Composer Andrew Norman finds in “the rhythm of the brownstones” — the stoops, the windows, and the doors that line the streets where he lives in Brooklyn — “music that is just waiting to be written.”
Boston Modern Opera Project (BMOP) had just announced that this young gifted artist will be the Music Alive Composer-in-Residence for two years, from now until 2013. His Air: Concerto for Theremin (2011), with Dalit Warshaw on theremin, will be performed at the January 27 concert at Jordan Hall. BMOP, the adventurous Boston music group, was one of five orchestras nationwide selected for an extended residency under a program of Meet the Composer and the American Symphony Orchestra League.
The young Norman (he is 32), who has already been a fellow in two European academies of music and has received a number of commissions, has absorbed his life-long interest in architecture with the compositional techniques to create his style — or, more accurately, multitude of styles.

“My music comes out differently every time. Musically speaking, a part of me is super-interested in mid-century extended techniques, Penderecki, crazy sounds. But I am also a lyric composer like Samuel Barber. A lyrical moment is something we can hold onto and remember. … We relate to lyricism because it is such a human thing. … Over the course of my life, I have been naturally inclined to be a lyrical composer, but there are other ways of approaching music. I am trying to embrace everything, an eclecticism of my music. I am interested in it as a composition tool. Sort of Babbitt with Bernstein, or Barber with Xenakis.”
Completed work already includes three pieces for orchestra; five for chamber music with various combinations of instruments; three solo pieces, one for viola or cello and two for piano; and one vocal piece, a lullaby. His appointment as Composer-in-Residence at the Academy of Rome, in 2006-07, resulted in Companion Guide to Rome, with each of its nine movements intended to invoke the Eternal city’s lesser known architectural gems. The ninth movement, for Santa Sabina, was the only one composed while he still was in Rome and was actually played in the church. The rest of the movements — Santa Maria della Vittoria (which Norman calls “over-the-top Baroque), San Benedetto, Santa Susanna, Tempietto Bramante, St. Ivo, San Clemente, San Lorenzo Oltre Le Mure, and Santa Cecilia — were written in Berlin, where he also was a fellow at its academy. A similarly appealingly titled composition is Garden of Follies for saxophone and piano, commissioned by the Society of Composers, Inc. and ASCAP. “Follies” here, too, refers to the often extravagant architectural conceits in lavishly landscaped gardens of England, France, and Italy — subsequently imported, of course, to America. Another piece is Farnsworth: Four Portraits of a House.
Norman is a strong advocate for live performance, alluded to in his comment, “What is special about the kind of music I make is that it is live, and that this piece will only happen once. It will be there for ten minutes, and then it won’t be there any more. And that kind of transience is really special to me, that element of chance, and surprise, that things will happen differently. This is what I find really interesting and exciting, about writing music and about listening to live music.”

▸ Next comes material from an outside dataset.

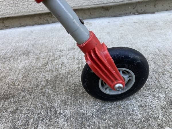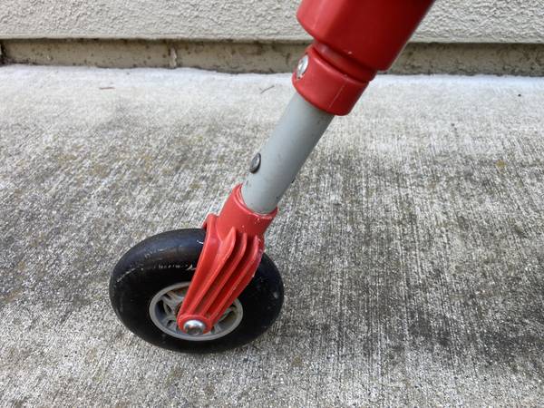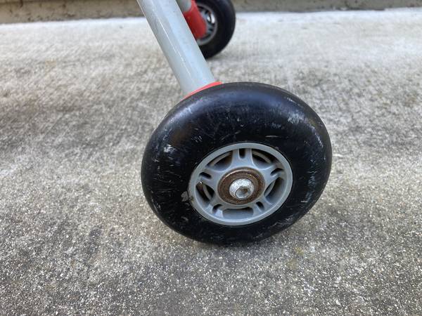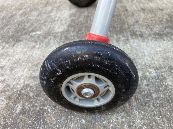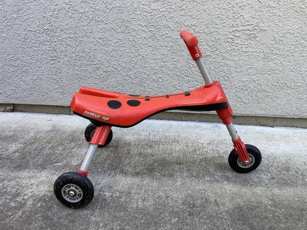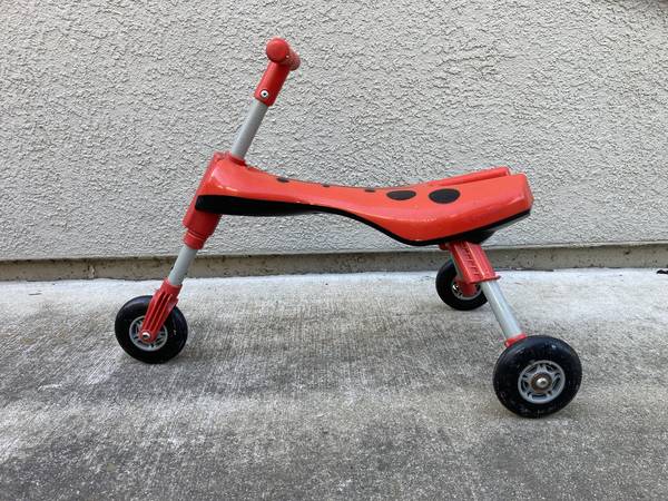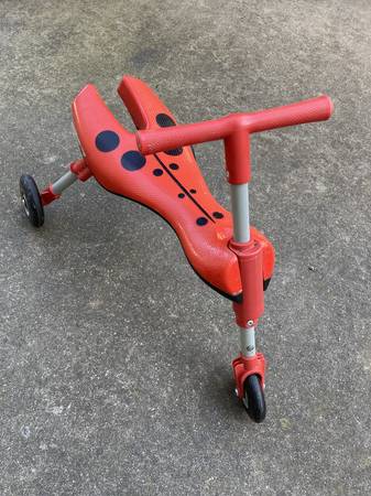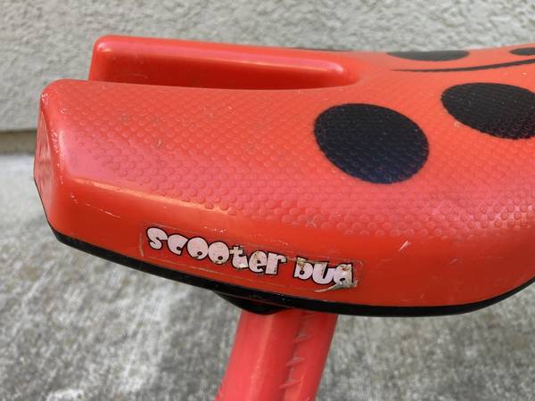 Give some wheels to your little ladybug with this toddlers' scooter! Wheels are solid rubber (so they never go flat!). This scooter shows signs of typical wear and tear. The colors are red and black.

This is what Norman will be doing, and the audience will be hearing, in Boston, starting with a performance of his piece on the January 27th Jordan Hall program. His residency at BMOP will involve him in all its concerts; and he will participate in pre-concert discussions and out-reach programs.
Sound and Architecture is amazingly, no, insultingly-interesting moment. Different spaces have own harmonics and some spaces are so stunningly interesting sonically that it eliminates even the need to have music in the way how we understand it. Those spaces can light up a single note and throw a true firework of sonic sensations. Unfortunately here is Boston we do not have “interesting” acoustic environments. The celebrated Symphony Hall is mediocre at its best. The best hall in state – the Mechanics Hall is pretty much chamber-size hall…
I do not know what kind music Andrew Norman writes. He might have architecture in his mind as program of his works but I would like people have more architecture in their mind when they perform music. I think in Boston, to have objectives to stressing architecture in Sound is very much as living in US and try to stress idiosyncrasies of Milanese, Fiorentina, Siciliana, Napolitana, or Alla Romana cuisines. In US use have dead, tasteless, radioactive veritable and fruits, gasoline inspired meats and poultry. All out produce are so radically contaminated and spoiled by byproducts or chemical industry, by barbaric agriculture techniques and corporate objectives that to think about any more or less natural or interesting cooking in US is laughable. I think with Sound is very much the same, at least in Boston…
Also, I am not a huge fan of Norman’s insistency of live performance. For sure, in what he say he is very right, however his position is missing another aspect– deficiency of general listening culture of recorded events. People mostly (and not only in US) do not have properly developed culture for listening experiences of records music, not to mention the in most of the cases music is being recorded horribly.